Project 1
Project 1: Student Study Analysis
Objective
In this project, we will analyze student study data and understand the relationship between:
- Study hours
- Attendance
- Marks
This is a beginner-level data analysis project before starting ML model training.
Cell 1: Import Required Libraries
import pandas as pd
import matplotlib.pyplot as plt
Here we are importing two important Python libraries.
pandas is used for working with data in table format.
matplotlib.pyplot is used for creating graphs and visualizations.
Cell 2: Create Student Dataset
data = {
"Student": ["Amit", "Sneha", "Rahul", "Priya", "Kiran", "Anjali", "Ravi", "Meena"],
"Study_Hours": [1, 2, 3, 4, 5, 6, 7, 8],
"Attendance": [50, 55, 60, 65, 70, 75, 85, 90],
"Marks": [35, 40, 50, 55, 65, 70, 85, 90]
}
Here we are creating a small student dataset manually.
This dataset contains four columns:
- Student: student name
- Study_Hours: how many hours the student studies
- Attendance: attendance percentage
- Marks: marks scored by the student
We are not using any external file. The data is created directly inside Python.
Cell 3: Convert Data into DataFrame
df = pd.DataFrame(data)
print(df)
Here we convert the dictionary data into a Pandas DataFrame.
A DataFrame is like a table with rows and columns.
In Machine Learning, most datasets are handled in DataFrame format.
Cell 4: Display First Few Records
df.head()
head() is used to display the first five rows of the dataset.
This helps us quickly check whether the data is loaded correctly or not.
Cell 5: Check Dataset Shape
df.shape
shape tells us the number of rows and columns in the dataset.
For example:
(8, 4)
This means the dataset has:
- 8 rows
- 4 columns
Cell 6: Check Dataset Information
df.info()
info() gives basic information about the dataset.
It shows:
- column names
- number of non-empty values
- data type of each column
This is useful to check missing values and data types.
Cell 7: Statistical Summary
df.describe()
describe() gives statistical information about numerical columns.
It shows:
- count
- mean
- minimum value
- maximum value
- standard deviation
- 25%, 50%, and 75% values
This helps us understand the data distribution.
Cell 8: Check Missing Values
df.isnull().sum()
This cell checks whether there are any missing values in the dataset.
isnull() checks missing values.
sum() counts how many missing values are present in each column.
If output is 0 for every column, it means there are no missing values.

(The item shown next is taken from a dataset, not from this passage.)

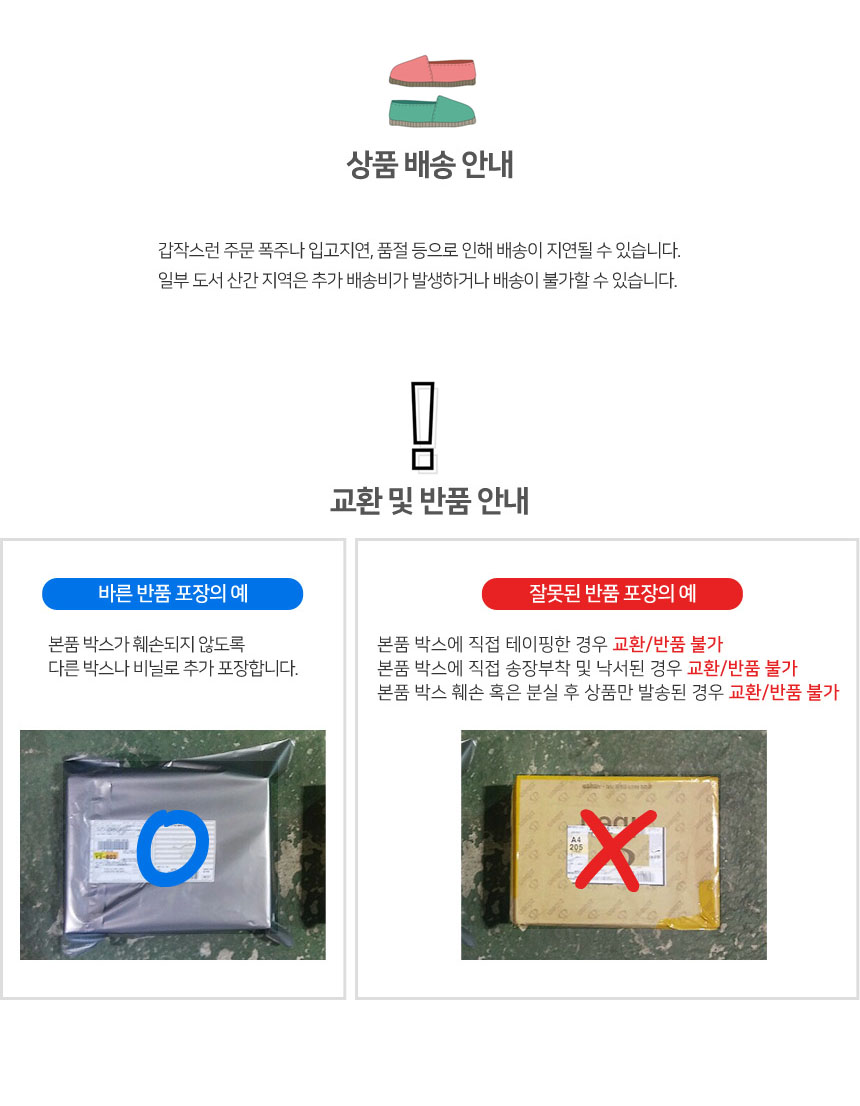 • - 단순 고객변심에 의한 반송 또는 교환의 경우(소요경비)

Cell 9: Sort Students by Marks
df.sort_values(by="Marks", ascending=False)
This sorts the students based on marks.
ascending=False means highest marks will come first.
This helps us identify top-performing students.
Cell 10: Average Study Hours
average_study_hours = df["Study_Hours"].mean()
print("Average Study Hours:", average_study_hours)
Here we calculate the average study hours of all students.
mean() is used to calculate the average value.
This tells us how many hours students study on average.
Cell 11: Average Marks
average_marks = df["Marks"].mean()
print("Average Marks:", average_marks)
Here we calculate the average marks of all students.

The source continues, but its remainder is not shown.